Stored dataset items:

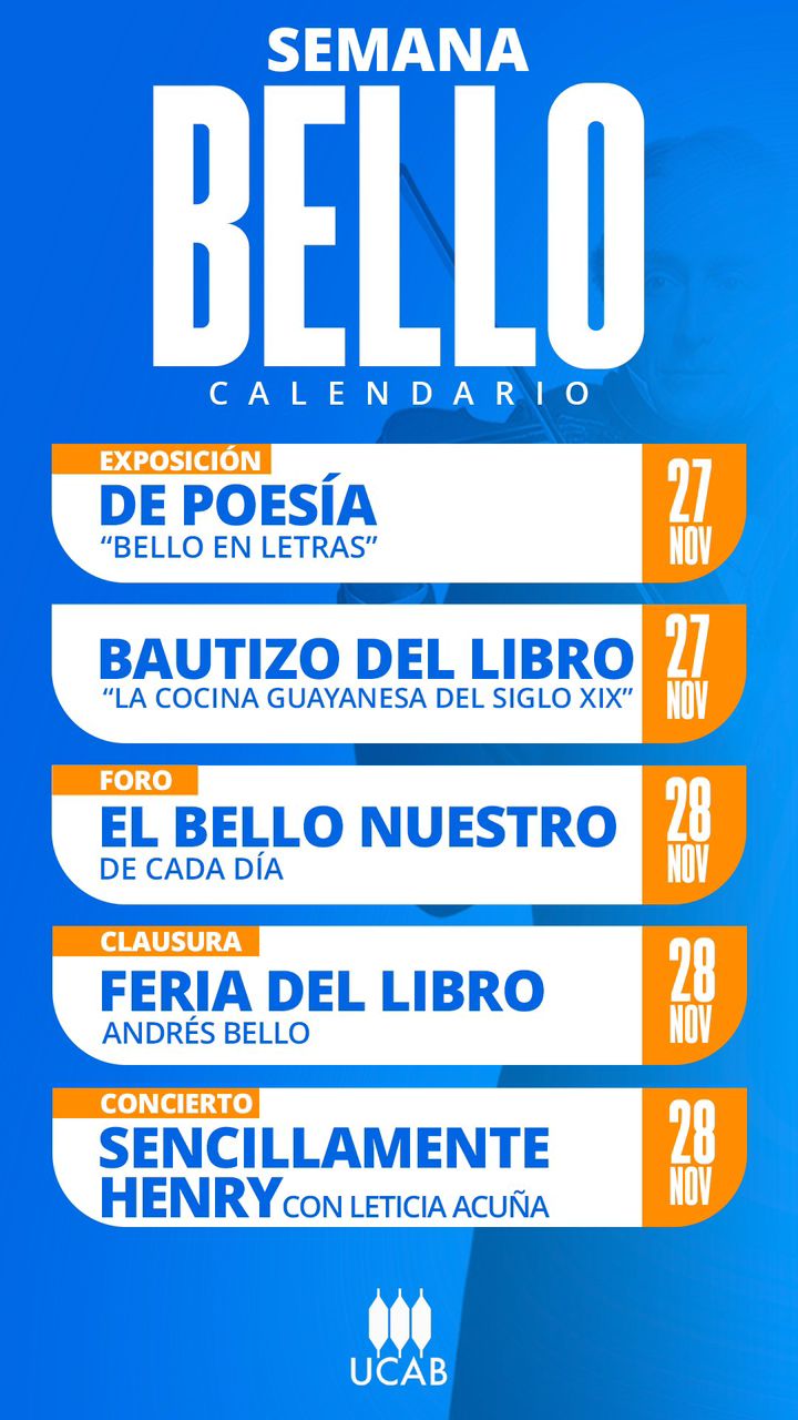 El lunes 24 de noviembre, a las 4:00 p.m., se oficiará una misa en honor a Andrés Bello, en el Lobby del auditorio Constanza Verolini. Para el martes 25, en horas del mediodía, está programada la actividad ‘Almuerza a tu ritmo’ en la Casa del Estudiante. El miércoles 26 a las 4:30 p.m., en la Plaza Central, tendrá lugar Bello Sinfónico, un concierto de la Orquesta Sinfónica de Ciudad Guayana.
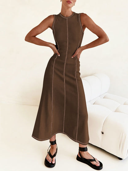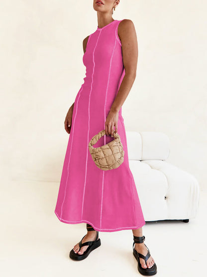 Contrast Stitch Ribbed Knit Tank Maxi Dresses
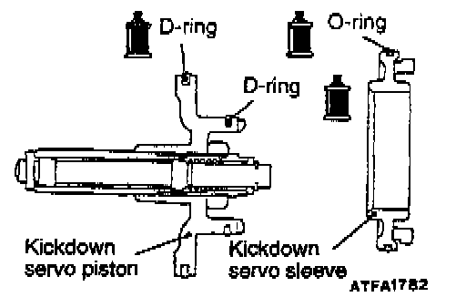 36. Install a new teflon seal ring and a new D-ring in the grooves of the kickdown servo piston, and apply automatic transmission fluid to the rings.
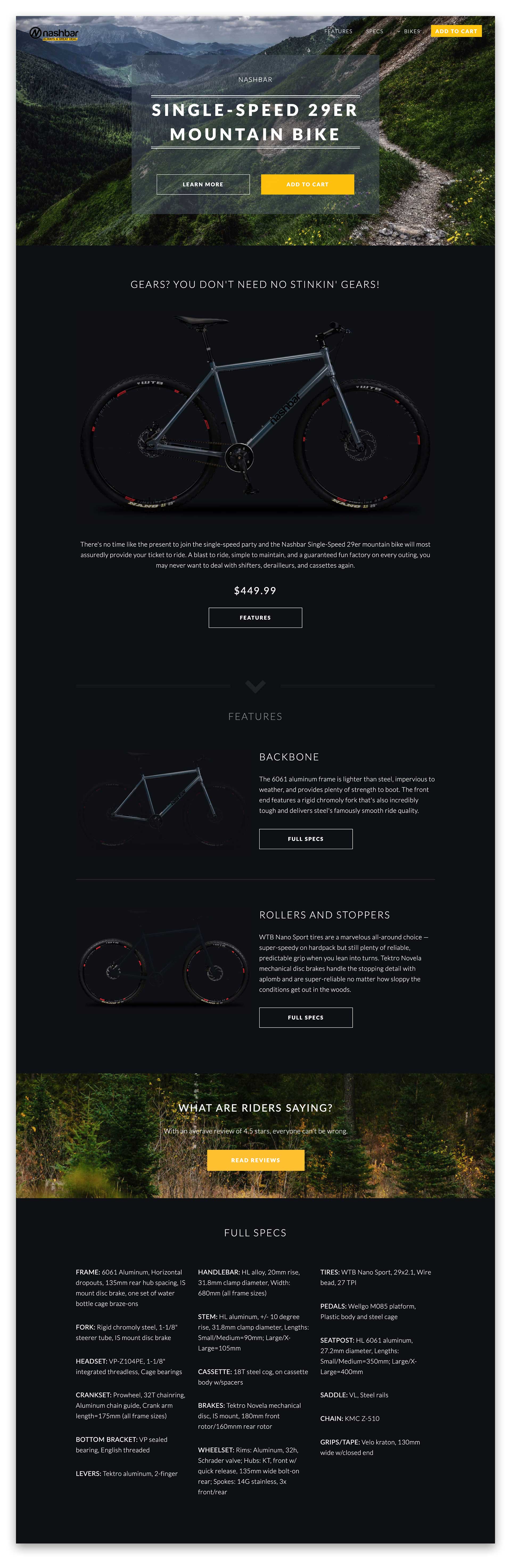 Single speed mountain bikes aren't reserved just for the hard core. With this microsite, nashbar aimed their entry level bike at the casual rider looking to break into single speed riding without intimidation of skill or price.
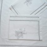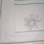 Set lenjerie pentru un pat dublu, din bumbac satinat, cu broderie, detalii si finisaje decorative.
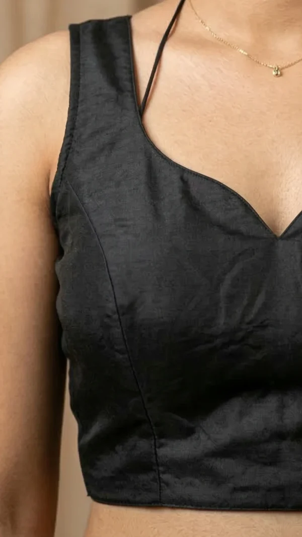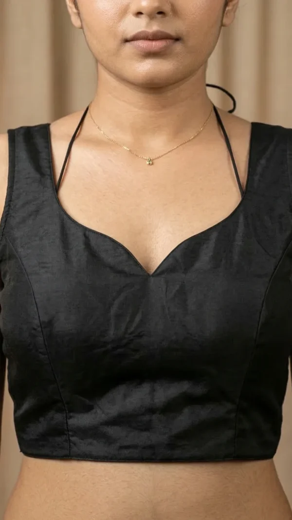 When it comes to versatility, the Classic Black Sleeveless Silk Blouse stands unmatched. The fabric feels like a second skin, offering breathable comfort without compromising on the structured fit required for a refined look. Whether you are pairing it with a heavy Banarasi saree or a lightweight chiffon drape, this blouse acts as the perfect anchor for your ensemble.
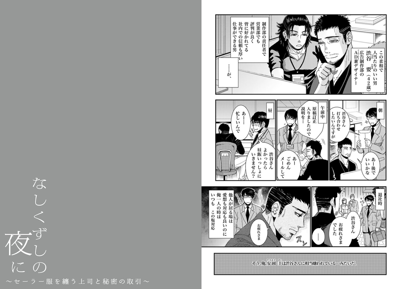 営業でゲイの安岡は、人当たりのいいイケオジとして社内で評判の広告制作部の責任者・渋谷に何故か嫌われている。当の安岡は心当たりもなく疑問に思っていたそんなある日、会社で残業していると、制作部の方から聞こえる怪しげな物音に気付く。気になった安岡は様子を見に行くと、そこにはセーラー服にロングヘアのウィッグを被った渋谷が居て!?事情を聞こうにもあくまで上からな態度の渋谷に苛立った安岡は、渋谷を押し倒し「俺を楽しませることが出来るならこの事は黙っててもいいですよ」と、スカートの中の女物の下着の中を弄りながら、取引を持ちかけて…?
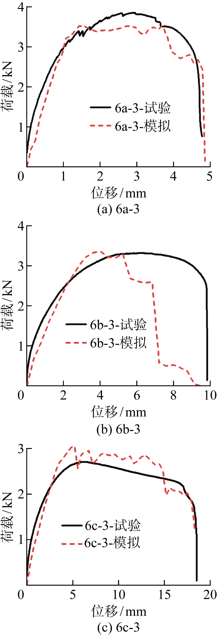 模型6a-3不同交错程度有限元模型的荷载-位移曲线
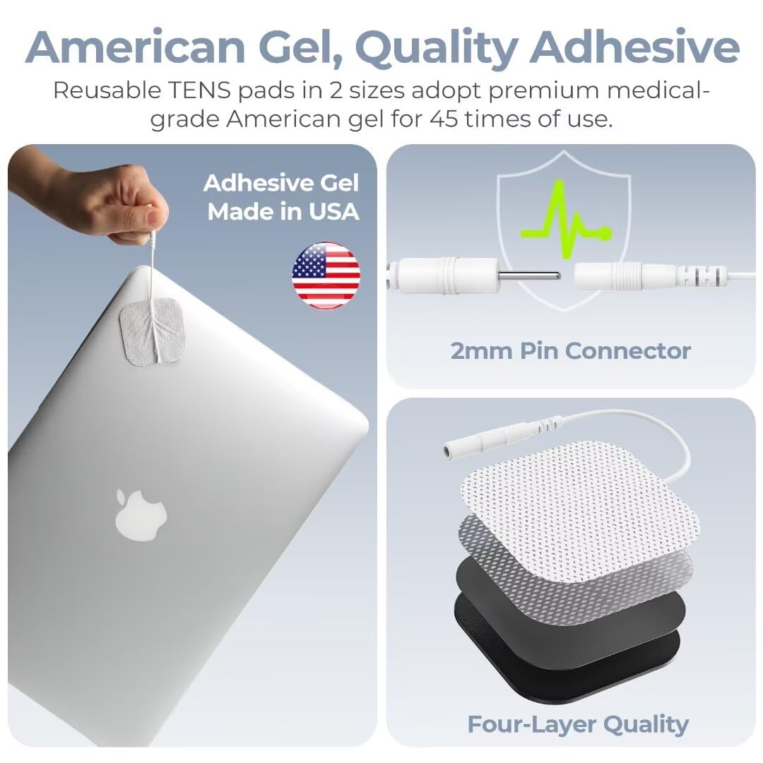 • 4 Outputs with 8 TENS Pads: If you want efficient pain relief therapy for 4 body parts at the same time or enjoy relief with your lover, this TENS machine is the ideal choice. It features 4 outputs for multi-area treatment with up to 8 American Gel TENS pads. The electrode pads in 2 sizes can meet your specific relief needs. The 2' x 2' electrodes are ideal for shoulders or necks, and the larger 2' x 4' pads are suitable for large body areas like the back

What you have to do: Pictures do not belong in the answer. Return the lines above starting at the one with "Set lenjerie pentru" and ending at the one with "When it comes", both kept, exactly.

Reply to the task:
 Set lenjerie pentru un pat dublu, din bumbac satinat, cu broderie, detalii si finisaje decorative.
 When it comes to versatility, the Classic Black Sleeveless Silk Blouse stands unmatched. The fabric feels like a second skin, offering breathable comfort without compromising on the structured fit required for a refined look. Whether you are pairing it with a heavy Banarasi saree or a lightweight chiffon drape, this blouse acts as the perfect anchor for your ensemble.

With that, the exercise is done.